| 6.170 | Laboratory in Software Engineering Spring 2004 Problem Set 6: Traffick Checkpoint Due: Friday, March 19, 2004 Problem Set Due: Tuesday, April 6, 2004 at 9 pm |
Quick links:
Please read the recommended schedule before you begin.
Many students in previous terms became too focused on minor performance tweaking and optimization. Some optimizations are useful but most are not! Please read the section on when to optimize before attempting performance related modifications.
You are provided specifications in
HTML.
The HTML specifications are good for viewing or printing with a Web
browser, and they contain special formatting and hyperlinks, just like
the
Java API Specification. You can edit the starter Java files to complete your assignment without
having to retype the declarations.
Make sure you have followed the instructions on the tools handout relevant to directory setup before you begin development. Furthermore, be sure you have read the problem set procedure handout before you begin.
You can get the source files for problem set 6 by using CVS. Follow
the problem set checkout
instructions and checkout the ps6 module from your
repository.
Your code MUST work on Athena, so if you choose to work on a non-Athena machine, please take a few minutes before submitting your solution to ensure that it runs correctly on Athena. Once everything is in order, read the Problem Set Submission instructions for how to run a final check of your code and turn it in.

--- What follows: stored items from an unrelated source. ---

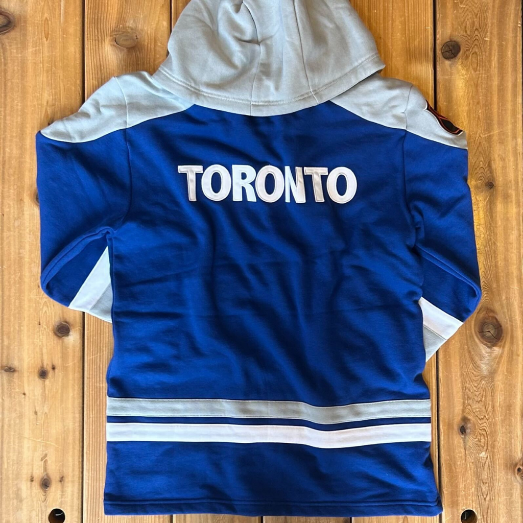 A SPORT Gallery Exclusive! Cheer on the Toronto Maple Leafs with this playful NHL Starter Jersey Hoodie! Showcasing your favourite team while keeping you warm, this hoodie is perfect for any fan. Go Leafs Go!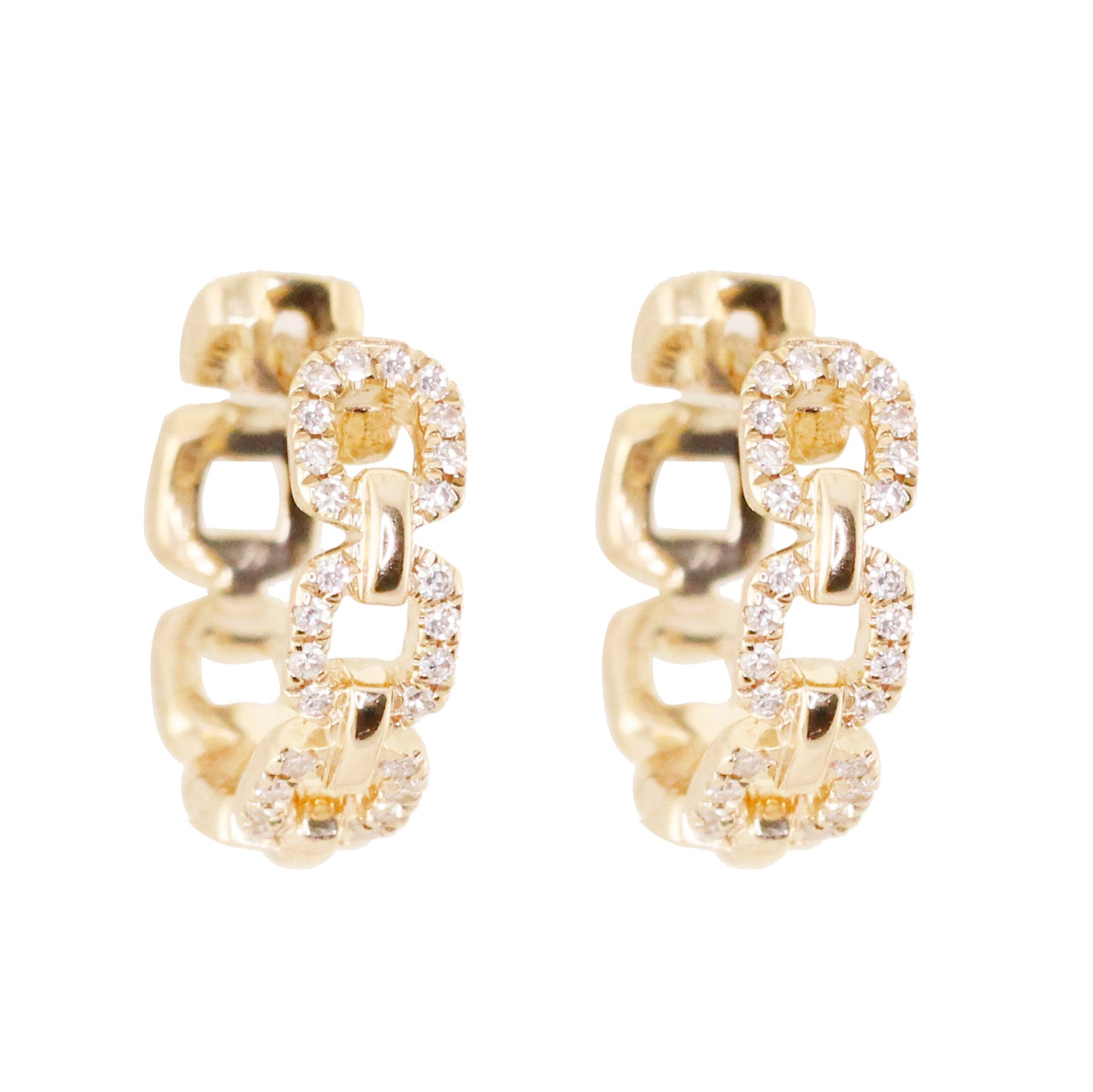 14kt gold and diamond mini chain hoop earrings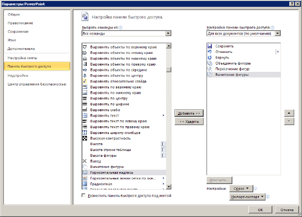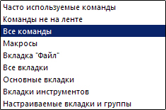 Для использования действий с произвольными фигурами добавьте их на ленту или на панель быстрого доступа. Для этого перейдите на вкладку Файл, откройте представление Backstage и щелкните на раздел Параметры. На вкладке Настройка ленты или Настройка панели быстрого доступа выберите из списка Выбрать команды пункт Все команды (рис. 2.18).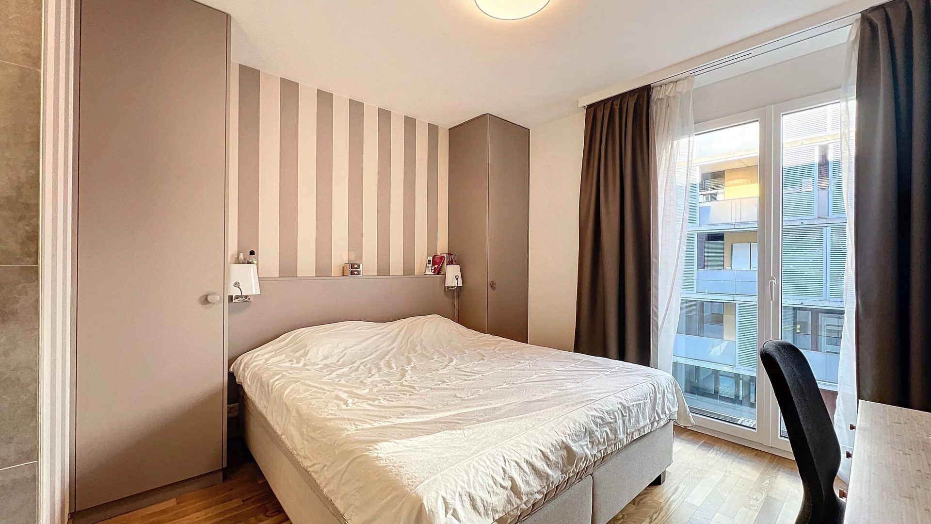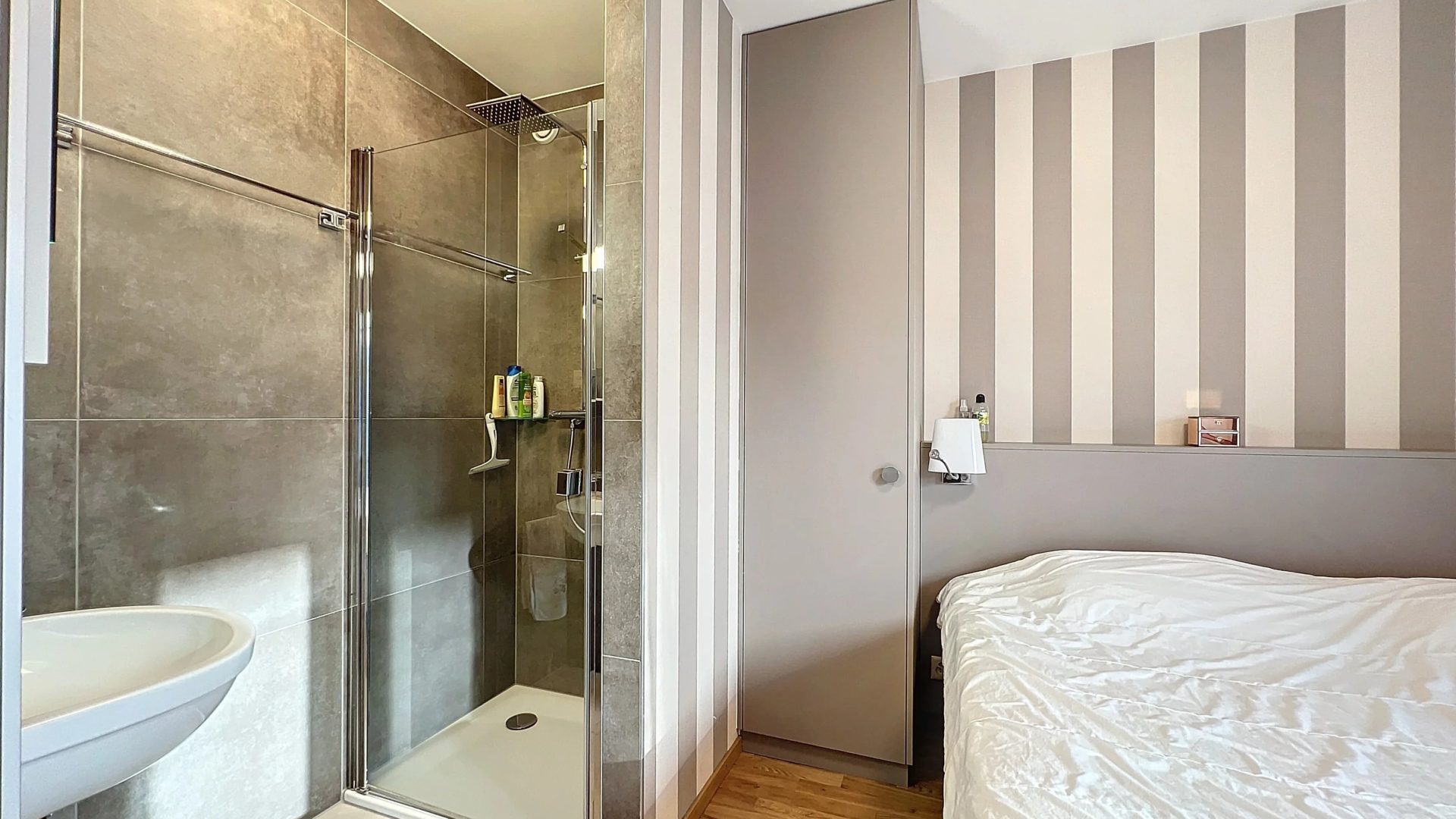 Il propose deux belles chambres, dont une suite avec salle de douche privative, ainsi qu’une seconde salle de douche complète. L’espace de vie, lumineux et harmonieusement agencé, comprend un agréable séjour avec accès au balcon et une cuisine semi-ouverte entièrement équipée.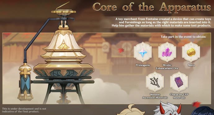 যন্ত্রপাতি ইভেন্টের মূল অংশ হিসাবে চ্যালেঞ্জগুলি সম্পূর্ণ করে আপনি প্রাইমোজেমস, হিরোর বুদ্ধি, অস্ত্র অ্যাসেনশন উপকরণ, মোরা, মিস্টিক বর্ধন আকরিক এবং অন্যান্য অপ্রচলিত পুরষ্কার উপার্জন করতে পারেন.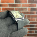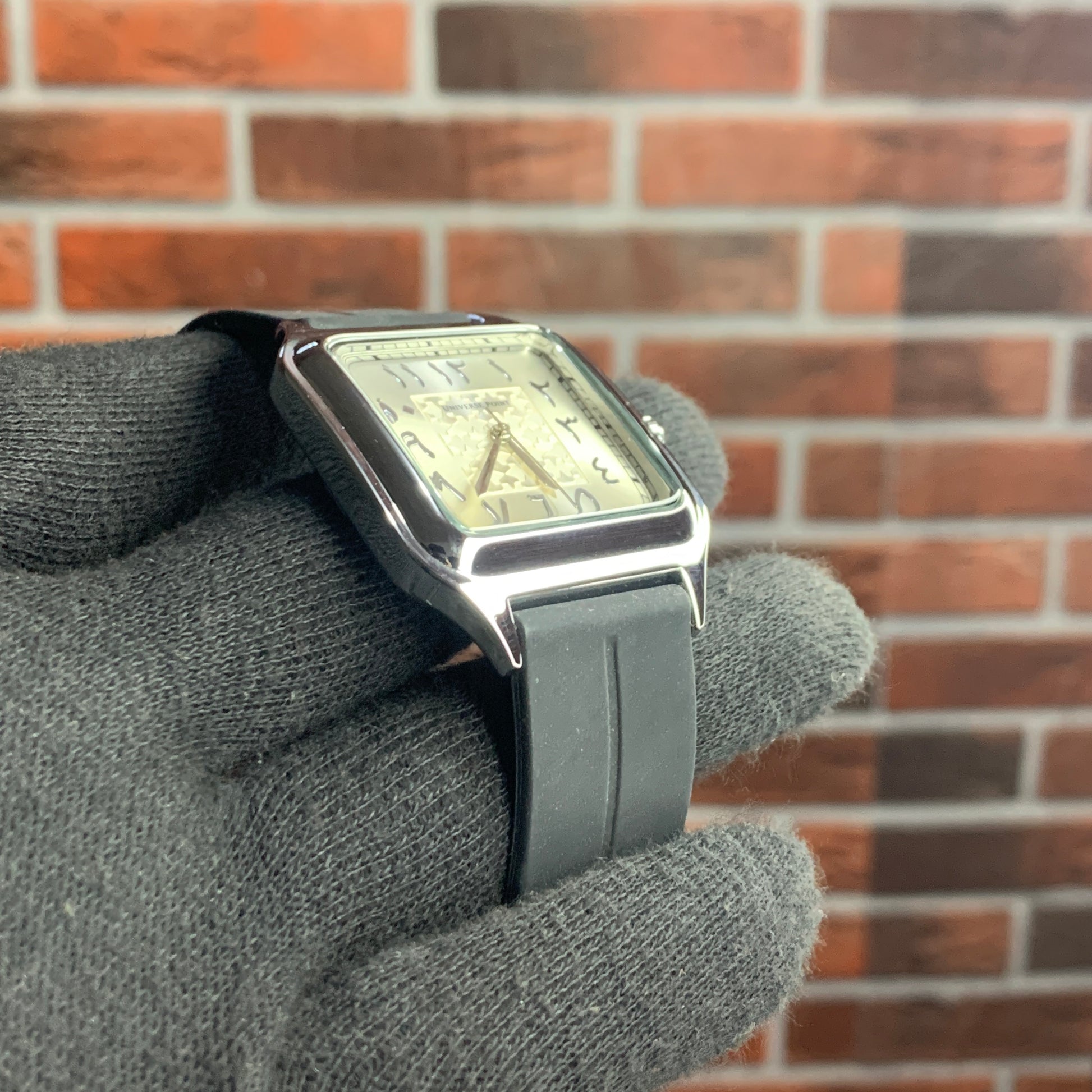 Silver-tone hands glide gracefully across the dial, and a small crown at 3 oβclock allows for easy adjustment. The slim profile of the case ensures it slips effortlessly under a shirt cuff, but its distinctive shape still makes a statement on the wrist. With its blend of sporty materials and sophisticated aesthetics, this watch is a versatile companion for any wardrobe.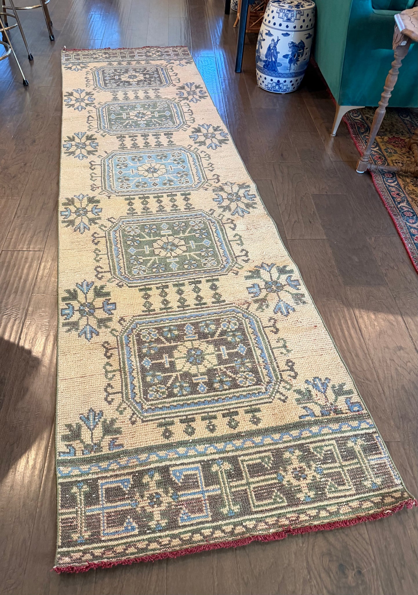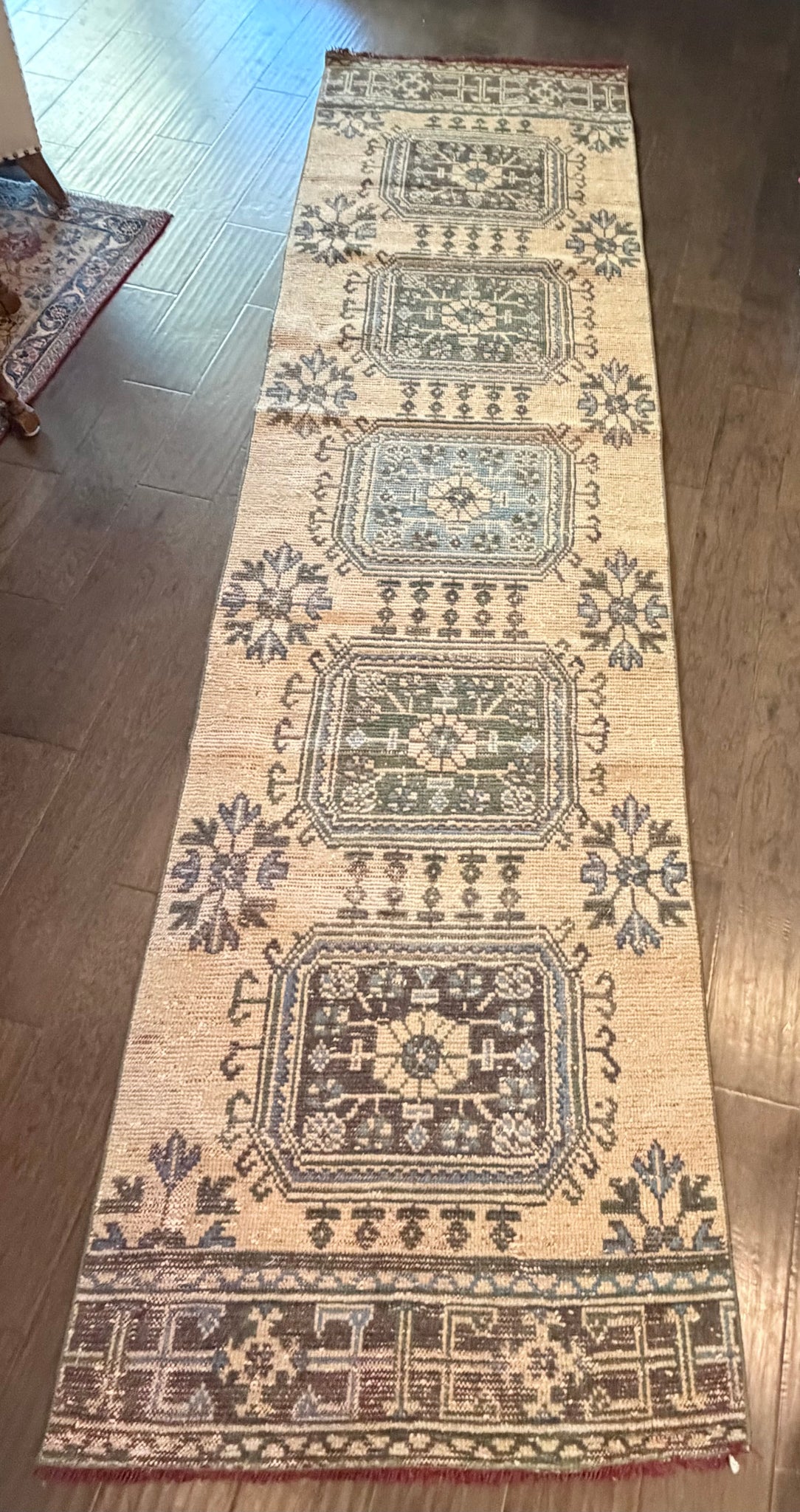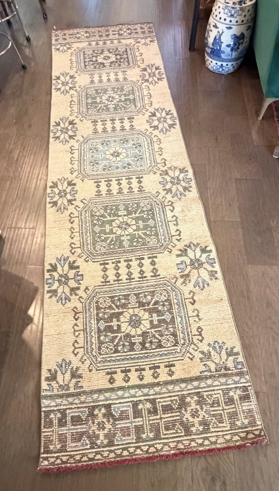 Faded yellow and blue medallion tile design runner.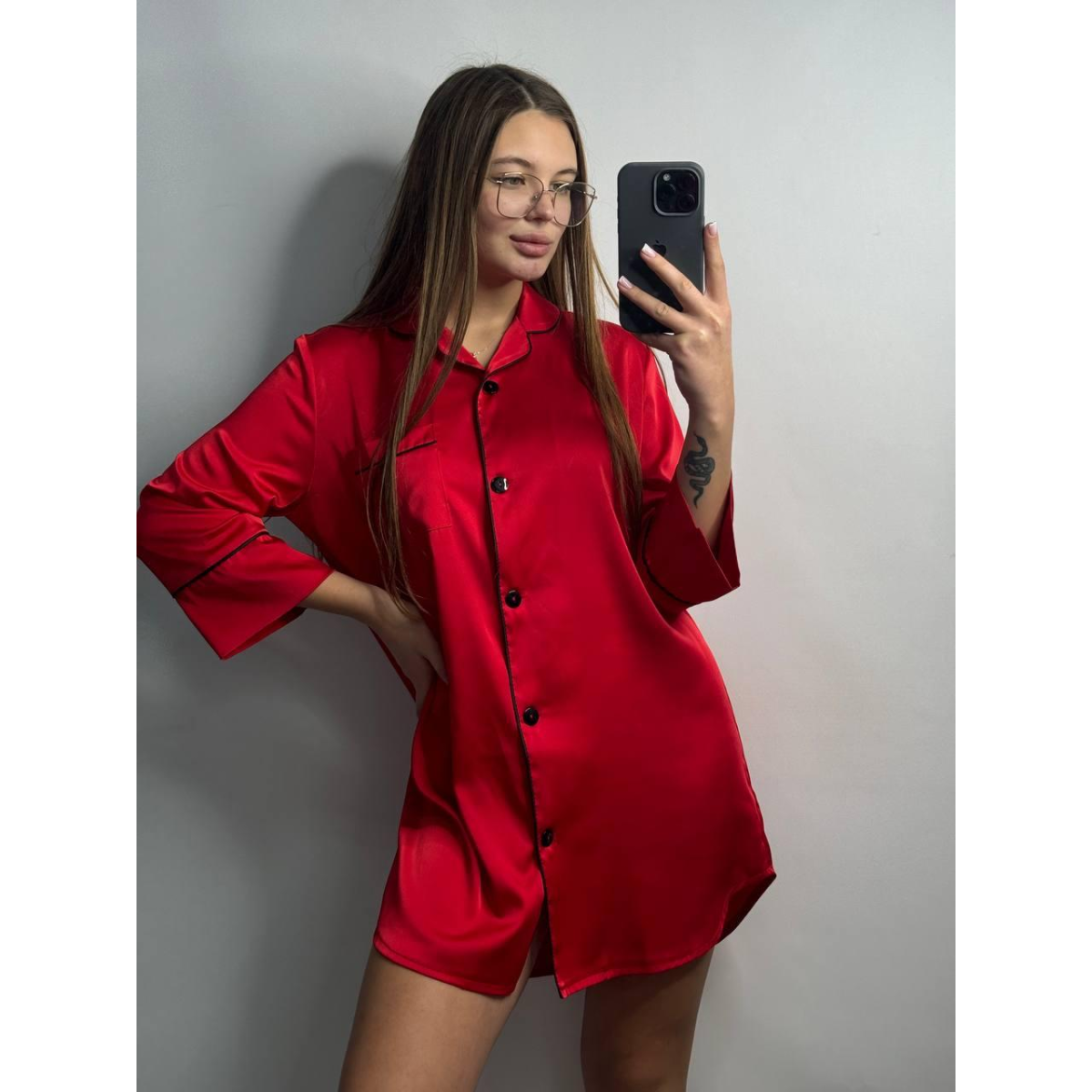 Жіноча нічна сорочка подовжена шовкова. S, Червоний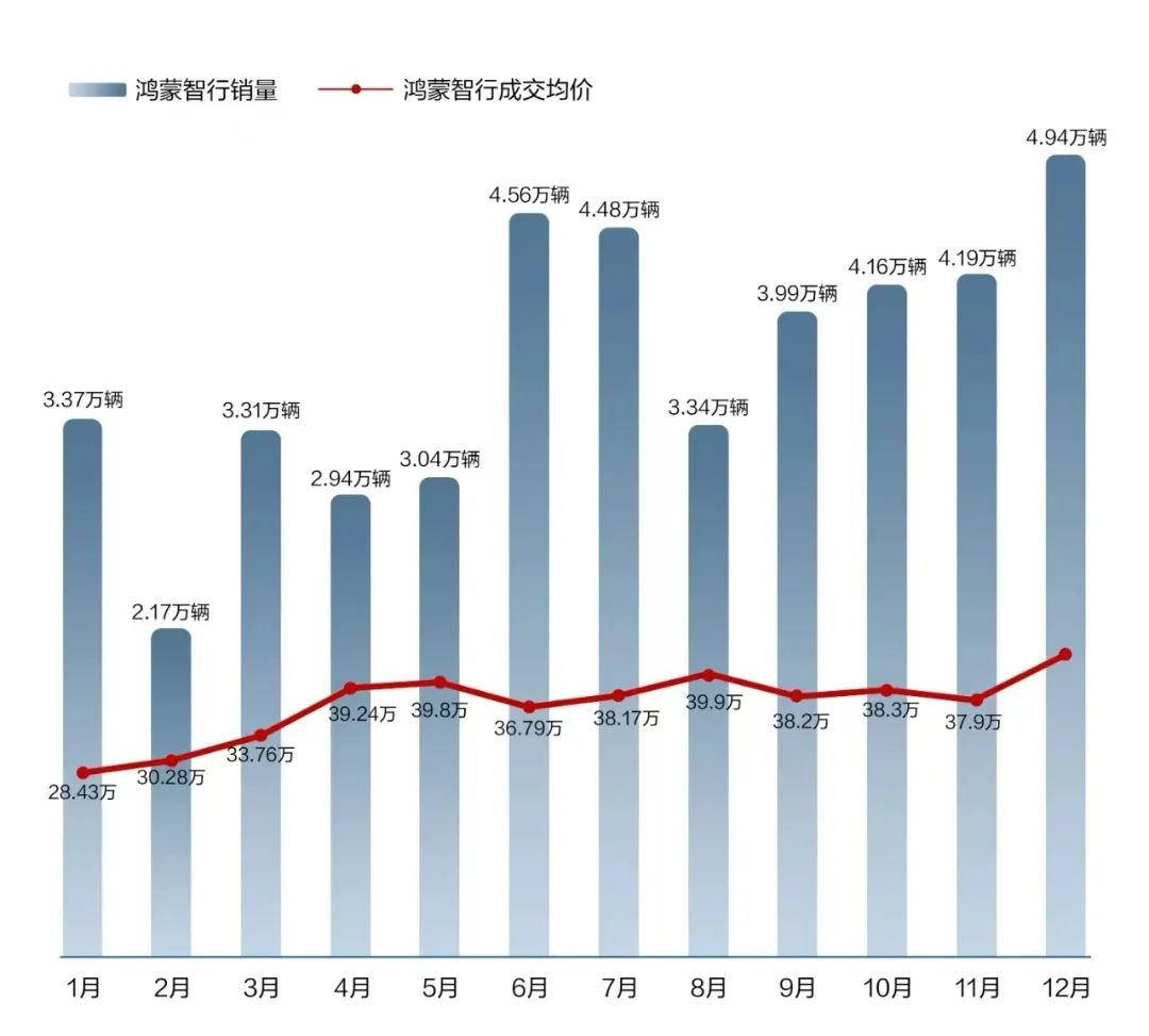 在刚过去的12月,鸿蒙智行全系交付新车49474辆,连续8个月蝉联中国汽车品牌成交均价TOP1。

You should go about this problem set by imagining that it involves developing Traffick from scratch. Most places in this document that we say "Traffick does such-and-such." we mean "When you finish, Traffick will do such-and-such." You will hand in a self-contained project that includes a problem analysis, a design, module specifications, commented code, testing artifacts, and user documentation. You have already done much of this work. Even if you include work done previously, which we encourage you to do, you may want to improve on it, given the expertise and understanding you have acquired during the semester. For example, if you chose representations of abstract data types that are not efficient enough, you may need to rework them. The representation you chose for BipartiteGraph, for example, may not scale well to large graphs.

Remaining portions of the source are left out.